The baseline DP setup:

Data parallelism setup: N GPUs (data-parallel ranks). Each rank holds: full model weights + full optimizer state + full gradient buffers. Each rank processes its own MICRO-BATCH (different subset of the global batch). Per training step: 1. Each rank: forward + backward → local gradients. 2. ALL-REDUCE gradients across all N ranks: every rank ends up with the global average gradient. 3. Each rank: AdamW step (using the same gradient → same weight update). 4. Weights stay synchronized.
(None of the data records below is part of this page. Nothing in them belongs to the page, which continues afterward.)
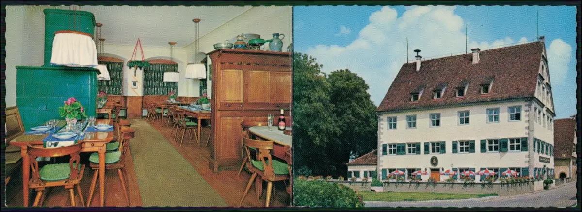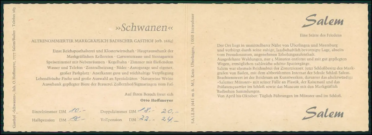 Salem Gasthof Schwanen Klappkarte Innenraum Gaststube Terrasse Baden Beschreibung der Ort rund um eine bedeutende Abtei und gehört heute zu den kulturreichen Gemeinden am Bodensee. Die Klappkarte zeigt den traditionsreichen Gasthof Schwanen (Inhaber O. Hoffmeyer) mit seiner charakteristischen Gastterrasse sowie den Innenraum der Gaststube mit regionaltypischer Einrichtung, Porzellan und markantem Kachelofen. Die Karte vermittelt eindrucksvoll das Ambiente eines klassischen badischen Gasthauses. Rückseite Zustand
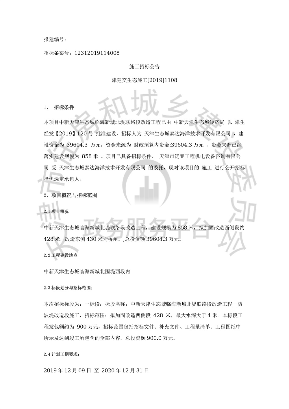 中新天津生态城临海新城北堤联络段改造工程—防波堤改造段施工招标公告
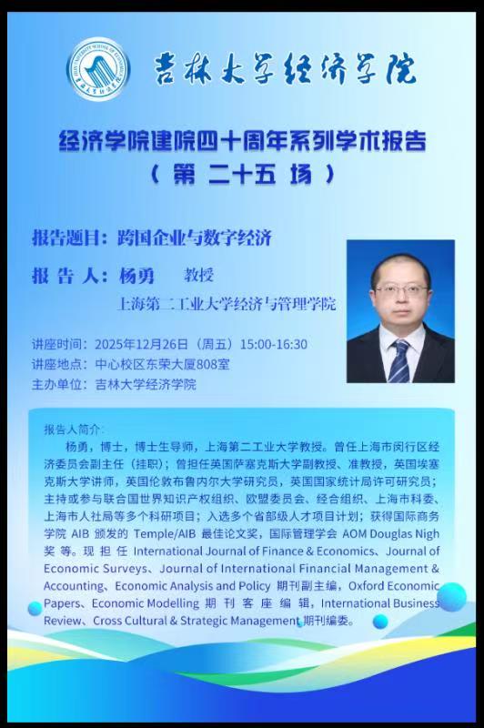 杨勇,博士,博士生导师,上海第二工业大学教授。曾任上海市闵行区经济委员会副主任(挂职);曾担任英国萨塞克斯大学副教授、准教授,英国埃塞克斯大学讲师,英国伦敦布鲁内尔大学研究员,英国国家统计局许可研究员;主持或参与联合国世界知识产权组织、欧盟委员会、经合组织、上海市科委、上海市人社局等多个科研项目;入选多个省部级人才项目计划;获得国际商务学院AIB颁发的Temple/AIB最佳论文奖,国际管理学会AOM Douglas Nigh奖等。现担任International Journal of Finance & Economics、Journal of Economic Surveys、Journal of International Financial Management & Accounting、Economic Analysis and Policy期刊副主编,Oxford Economic Papers、Economic Modelling期刊客座编辑,International Business Review、Cross Cultural & Strategic Management期刊编委。
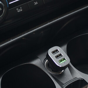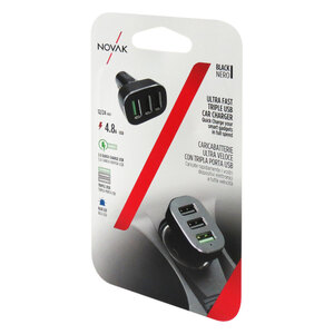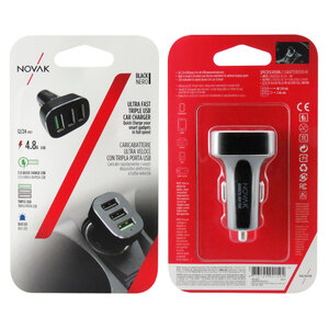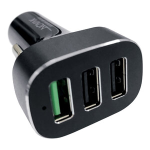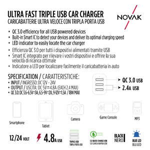 Caricabatterie ultra veloce con tripla porta USB. Alimentate i vostri dispositivi in modo rapido ed efficiente. Efficienza QC 3.0 per tutti i dispositivi alimentati tramite USB. Smart IC integrato per rilevare i vostri dispositivi e offrire la sua velocità di ricarica ottimale. Indicatore a LED blue per localizzare facilmente il caricabatteria in auto. Input: DC 12/24V Uscita DC 5V- 4,8A (each 2.4 MAX). qc3.0: dc 3.6-6,5V/3A; 6.5-9V/2A; 9-12V/1.5A 18W Max
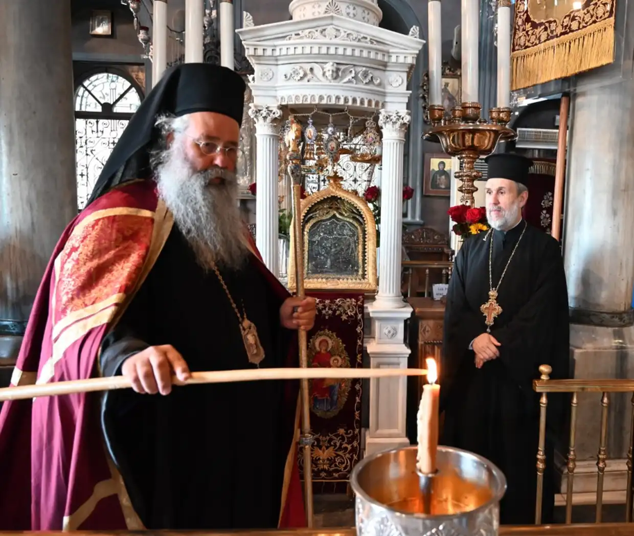 Συγκεκριμένα, το πρωί τέλεσε τη Θ. Λειτουργία και την Πρόοδο του Τιμίου Σταυρού, με την παρουσία κληρικών προσκυνητών και πλήθους πιστών από την Ελλάδα και το Εξωτερικό, που ήλθαν στο Ιερό Νησί της Παναγίας για την έναρξη του Δεκαπενταύγουστου.
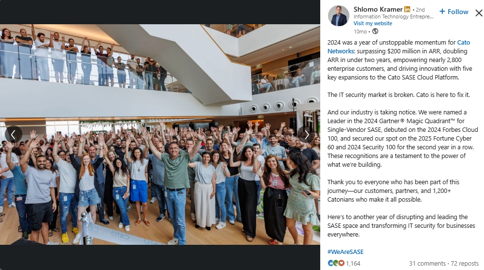 People listen to Shlomo because he speaks from experience. His content is clear, data-driven, and never superficial. Whether he’s announcing funding rounds, addressing industry rumors, or analyzing cybersecurity market shifts, his posts read like insider briefings. Followers trust him because he simplifies complex ideas while keeping a sharp focus on what truly matters: real-world security outcomes.
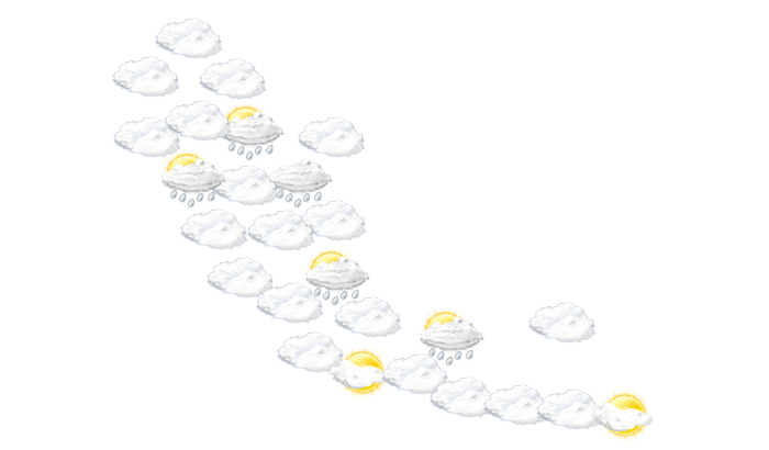 In Gemo wechseln sich den ganzen Tag Wolken und Sonne ab bei Temperaturen von 24 bis 32°C. In der Nacht überwiegt dichte Bewölkung, aber es bleibt trocken bei Werten von 24°C.
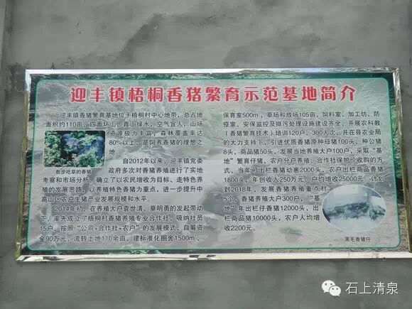 为了发展经济,增加农民收入,2010年,迎丰镇从贵州省从江县引进香猪进行养殖。从江香猪以体形矮小、肉质香嫩、基因纯合、富含微量元素、纯净无污染等独特优点而著称,并具有适应性好、抗病力强、饲养管理粗放等优点。
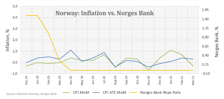 Indeed, the Scandinavian central bank matched forecasts and left the key rate unchanged at 0.00% at its meeting on Thursday. The Norges Bank once again acknowledged the solid fundamentals of the Nordic economy as well as the good pace of the vaccine rollout, all morphing into extra support to the already strong growth prospects.
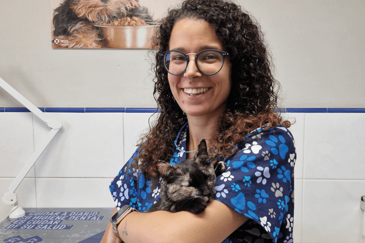 Nuestra siguiente entrevistada, María Perales, desarrolla su labor sanitaria en Coteve, una clínica pequeña donde a diario se enfrentan a cuestiones que van desde un plan vacunal hasta dar con un diagnóstico, o dotar de una solución cuando los tutores no disponen de capacidad económica o logística para trasladarse a centros más grandes. "Soy veterinaria generalista con especial interés en medicina interna y cirugía de tejidos blandos".
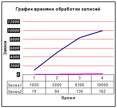 } } try { iniRecord = inifile.readLine(); } catch (IOException e) { done=true; } } } // извлечь значение public String getINIVar(String key, String defValue) { return INIProperties.getProperty(key, defValue); } // извлечь значение public String getINIVar(String key) { return INIProperties.getProperty(key); } public void init(ServletConfig conf) throws ServletException { super.init(conf); } public void service(HttpServletRequest req, HttpServletResponse res) throws ServletException, IOException { PrintStream out; out = new PrintStream(res.getOutputStream()); res.setContentType("text/html; charset=Cp866"); // Печать заголовка printPageHeader(out); INIFile("db.ini","c:\\www\\db",out); // Определяем кодировку String requestEnc = req.getCharacterEncoding(); String clientEnc = requestEnc; if ( requestEnc==null ) requestEnc=iso; requestEnc=iso; // Тело out.println("<body bgcolor=\"#FFFFFF\">"); out.println("<form method=\"get\" action=\"/serv/SearchEngein\">"); out.println(" <table width=\"461\" border=\"0\" cellpadding=\"0\" cellspacing=\"0\">"); out.println(" <tr bgcolor=\"#3399FF\"> "); out.println(" <td width=\"266\" class=\"text\"> Запрос</td>"); out.println(" <td width=\"135\" class=\"text\"> Каталог</td> "); out.println(" <td width=\"207\"> </td>"); out.println(" </tr>"); out.println(" <tr>"); out.println(" <td width=\"266\" valign=\"top\"> "); out.println(" <input type=\"text\" name=\"Query\" maxlength=\"100\" size=\"38\" value=\"\">"); out.println(" </td>"); out.println(" <td width=\"135\" valign=\"top\"> "); out.println(" <select name=\"select\" size=\"1\">"); out.println(" <option value=\"MARCFILE.Book\" selected>"+ConvertISO(getINIVar("KATALOG.Book"))+"</option>"); out.println(" <option value=\"MARCFILE.Stat\">"+ConvertISO(getINIVar("KATALOG.Stat"))+"</option>"); out.println(" <option value=\"MARCFILE.Periud\">"+ConvertISO(getINIVar("KATALOG.Periud"))+"</option>"); out.println(" <option value=\"MARCFILE.Podpis\">"+ConvertISO(getINIVar("KATALOG.Podpis"))+"</option>"); out.println(" <option value=\"MARCFILE.Ucheb\">"+ConvertISO(getINIVar("KATALOG.Ucheb"))+"</option>"); out.println(" </select>"); out.println(" </td>"); out.println(" <td width=\"207\" valign=\"top\"> "); out.println(" <input type=\"submit\" name=\"Start\" value=\"Поиск\">"); out.println(" </td>"); out.println(" </tr>"); out.println(" </table>"); out.println(" </form>"); // Конец тела // Взять текст из строки query = req.getParameter("Query"); if (query == null || query.length()<1) { printPageFooter(out); return; } dbselect = req.getParameter("select"); value = new String(ConvertISO(query)); // Чтение файла dbFileRead(getINIVar(dbselect), out, value); // Распечатка результата printPageFooter(out); query = null; value = null; } // Вывод заголовка документа private void printPageHeader(PrintStream out) { out.println("<html>"); out.println("<head>"); out.println("<meta http-equiv=\"Content-Type\" content=\"text/html; charset=Cp866\">"); out.println("<style type=\"text/css\">"); out.println("<!--"); out.println(".text { font: bold 12px Arial, Helvetica, sans-serif; color: #0000FF; text-decoration: none; text-align: left; }"); out.println(".bodytext { font: 12px Arial, Helvetica, sans-serif; color: #000000; text-decoration: none; text-align: left; }"); out.println("-->"); out.println("</style>"); out.println("</head>"); } private void printPageFooter(PrintStream out) { out.println("</body>"); out.println("</html>"); out.flush(); } } // Класс Запясь для хранения данных считаных из запяси class MarcRecord { protected String rAvtor; // Поле автор protected String rsAvtor; // Поле соавтор protected String rName; // Поле название произведения protected String rPrinter; // Поле издатель protected String rSize; // Поле Объем издания protected String rKey; // Поле ключевые слова protected String rSeria; protected String rBBK; protected String rKaIndex; MarcRecord( String r1, String r2, String r3, String r4, String r5, String r6, String r8, String r11, String r12) { rAvtor = r1; rsAvtor = r2; rName = r3; rPrinter = r4; rSize = r5; rKey = r6; rSeria = r8; rBBK = r11; rKaIndex = r12; } } Приложение 4 Результаты тестирования программы Тестирование программы проводилось на 4 массивах данных размером 1000, 5000, 8366, 10000 записей. Метод тестирования заключался в поиске последней записи массива по уникальному названию, чтобы определить время поиска по всему массиву. Полученные данные приведены в таблице и на основе данных построен график (см. график).
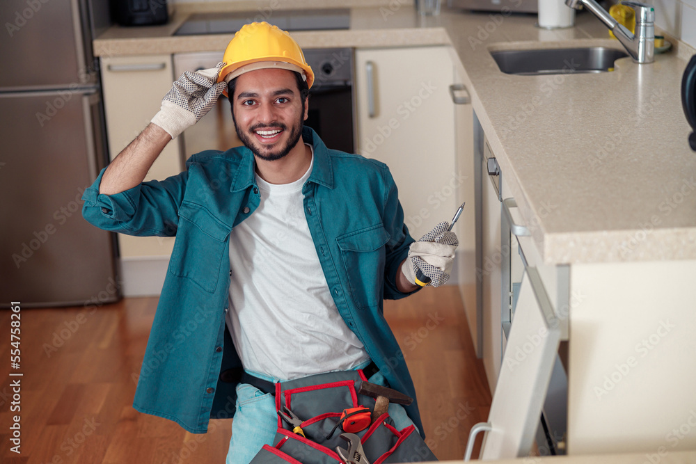Male worker in uniform is assembling furniture on kitchen. Repair concept. High quality photo
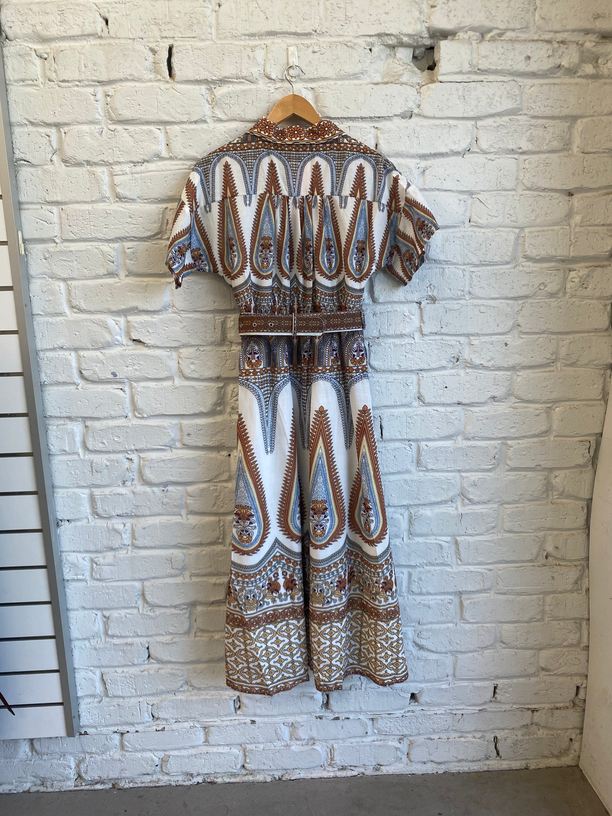 The Amalfi Penelope dress is your new go-to for effortlessly chic days. Featuring a stunning paisley pattern in soft, natural tones, this dress captures a whimsical, playful spirit. Its classic collar and delicate shell buttons add a touch of vintage charm, while the matching belt cinches your waist for a flattering silhouette. Whether you’re dressing up for brunch or strolling through town, this dress combines comfort with style to brighten your wardrobe and your day. Embrace the playful elegance of Amalfi Penelope and turn heads wherever you go.
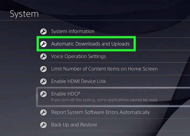 - ‘Otomatik İndirmeler ve Yüklemeler (Automatic Downloads and Updates’ seçeneğine gelin. Bu seçenek baştan ikinci sırada, ‘Sistem Bilgisi (System Information)’ ve ‘Sesli İşlem Ayarları (Voice Operation Settings)’ seçenekleri arasındadır. ‘Otomatik İndirmeler ve Yüklemeler’seçeneğinin üzerine geldikten sonra bu seçeneği seçmek için ‘X’ tuşuna basın.
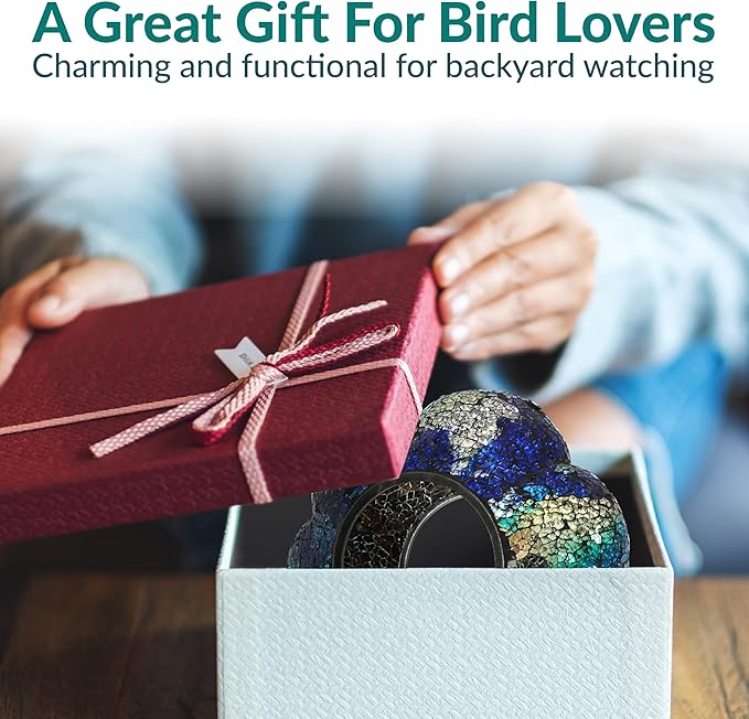 • ATTRACT BIRDS TO THE YARD: The backyard bird feeder is made of glass in the shape of flower. It features a beautiful deep blue color with speckles of turquoise and yellow.

Memory per rank: 4× model size (weights + grads + Adam m, v in fp32). For Llama 3 70B: ~1.1 TB. Doesn't fit on a single H100 (80 GB). This is why plain DP doesn't work for modern LLMs. The optimizer state alone (2× weights for Adam m and v) is too big.

The all-reduce step is the dominant communication. For a 70B model, ~280 GB of gradients per rank must be summed across N ranks every step.

The all-reduce cost

Ring all-reduce (the standard algorithm): N ranks in a logical ring. Total gradient tensor size G bytes. Algorithm: 1. Split G into N chunks of size G/N. 2. SCATTER-REDUCE phase: in N-1 rounds, each rank sends one chunk to its neighbor and receives one. After N-1 rounds, each rank has the fully-reduced version of one chunk. 3. ALL-GATHER phase: in N-1 rounds, ranks share their reduced chunks. After N-1 rounds, every rank has the complete reduced tensor. Per-step traffic per link: 2 · G · (N-1)/N ≈ 2·G bytes (large N). Wall-clock with bandwidth B per link: 2·G / B. Crucially: ring all-reduce is BANDWIDTH-OPTIMAL — every byte of the gradient travels exactly 2 link-hops (down and back up). Cannot do better with any algorithm. For Llama 3 70B (G = 140 GB gradients in fp16): On NVLink (900 GB/s per link): 2 · 140 / 900 = ~0.3 seconds per step (within node). On InfiniBand (50 GB/s per link): 2 · 140 / 50 = ~5.6 seconds (across nodes). The 18× factor is why multi-node DP gets expensive. Communication can dominate compute.

Ring all-reduce is the canonical algorithm. Modern libraries (NCCL for NVIDIA, RCCL for AMD) implement it directly in CUDA / ROCm kernels, taking advantage of NVLink and InfiniBand simultaneously where possible.

— think, then check —

Setup:

1024 GPUs total, organised as 128 nodes × 8 GPUs/node.

Intra-node: NVLink at ~900 GB/s per link.

Inter-node: InfiniBand HDR at ~50 GB/s per link.

Gradient size G = 140 GB.

Ring all-reduce cost:

If the ring traverses ONLY NVLink (impossible at this scale, since you only have 8 GPUs in a node):

Traffic per link: 2·G/N = 2·140/1024 = 273 MB. At 900 GB/s: 0.3 ms per round, × (N-1) rounds ≈ 300 ms per all-reduce.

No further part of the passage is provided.